WORK TO BE COMPLETED
Write out each record exactly as given, but do not include the pictures.

-- -- --

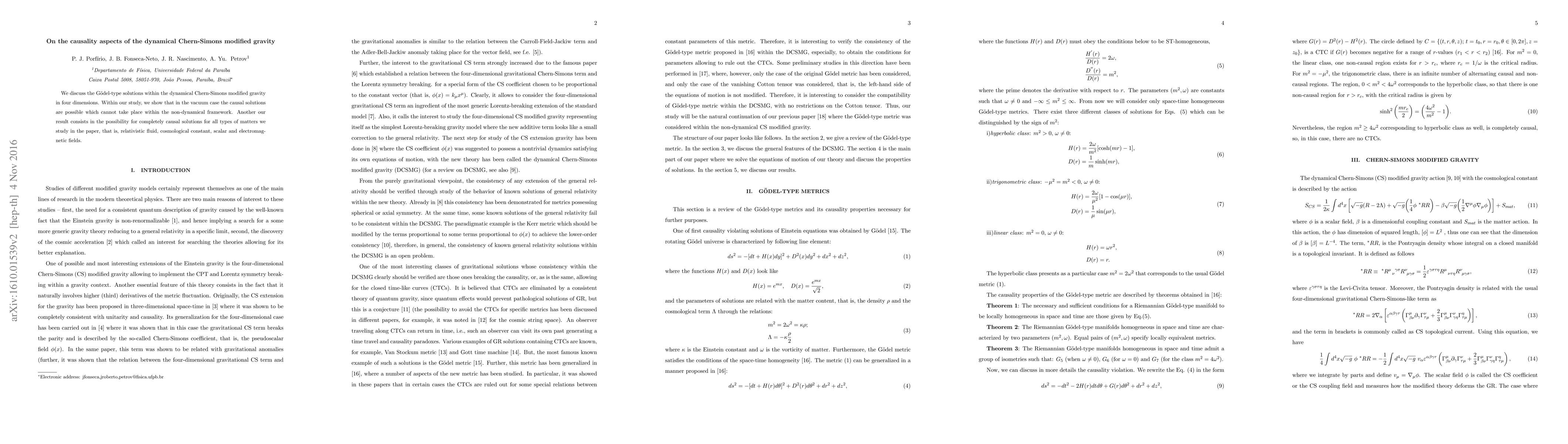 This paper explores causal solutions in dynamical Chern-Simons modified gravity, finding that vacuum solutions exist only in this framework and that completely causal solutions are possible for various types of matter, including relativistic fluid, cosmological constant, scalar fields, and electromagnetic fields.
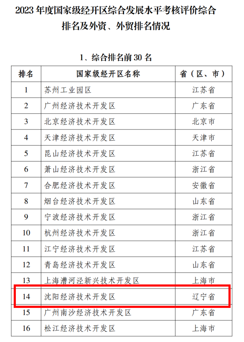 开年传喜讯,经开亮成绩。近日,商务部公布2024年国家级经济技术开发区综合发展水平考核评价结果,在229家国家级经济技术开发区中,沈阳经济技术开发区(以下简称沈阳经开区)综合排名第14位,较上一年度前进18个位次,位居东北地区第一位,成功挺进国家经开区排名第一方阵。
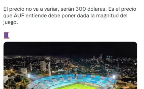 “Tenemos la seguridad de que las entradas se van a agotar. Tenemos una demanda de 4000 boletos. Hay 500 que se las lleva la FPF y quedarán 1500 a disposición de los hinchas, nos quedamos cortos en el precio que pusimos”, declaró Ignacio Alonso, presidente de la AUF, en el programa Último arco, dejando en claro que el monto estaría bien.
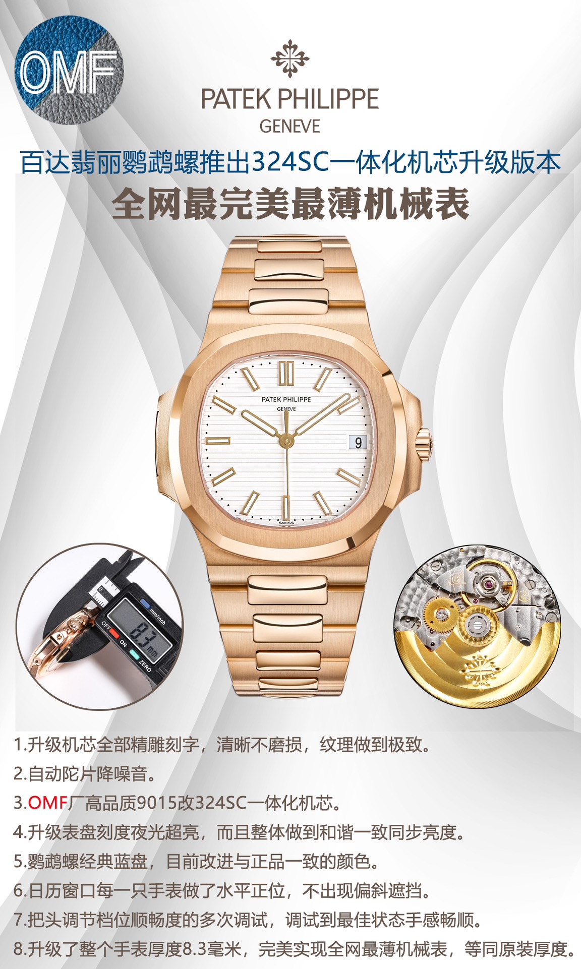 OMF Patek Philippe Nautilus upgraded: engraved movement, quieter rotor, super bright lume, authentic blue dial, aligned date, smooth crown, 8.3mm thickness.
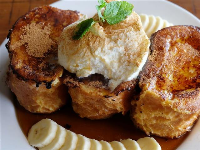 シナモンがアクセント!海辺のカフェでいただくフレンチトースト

-- -- --

REPLY
 This paper explores causal solutions in dynamical Chern-Simons modified gravity, finding that vacuum solutions exist only in this framework and that completely causal solutions are possible for various types of matter, including relativistic fluid, cosmological constant, scalar fields, and electromagnetic fields.
 开年传喜讯,经开亮成绩。近日,商务部公布2024年国家级经济技术开发区综合发展水平考核评价结果,在229家国家级经济技术开发区中,沈阳经济技术开发区(以下简称沈阳经开区)综合排名第14位,较上一年度前进18个位次,位居东北地区第一位,成功挺进国家经开区排名第一方阵。
 “Tenemos la seguridad de que las entradas se van a agotar. Tenemos una demanda de 4000 boletos. Hay 500 que se las lleva la FPF y quedarán 1500 a disposición de los hinchas, nos quedamos cortos en el precio que pusimos”, declaró Ignacio Alonso, presidente de la AUF, en el programa Último arco, dejando en claro que el monto estaría bien.
 OMF Patek Philippe Nautilus upgraded: engraved movement, quieter rotor, super bright lume, authentic blue dial, aligned date, smooth crown, 8.3mm thickness.
 シナモンがアクセント!海辺のカフェでいただくフレンチトースト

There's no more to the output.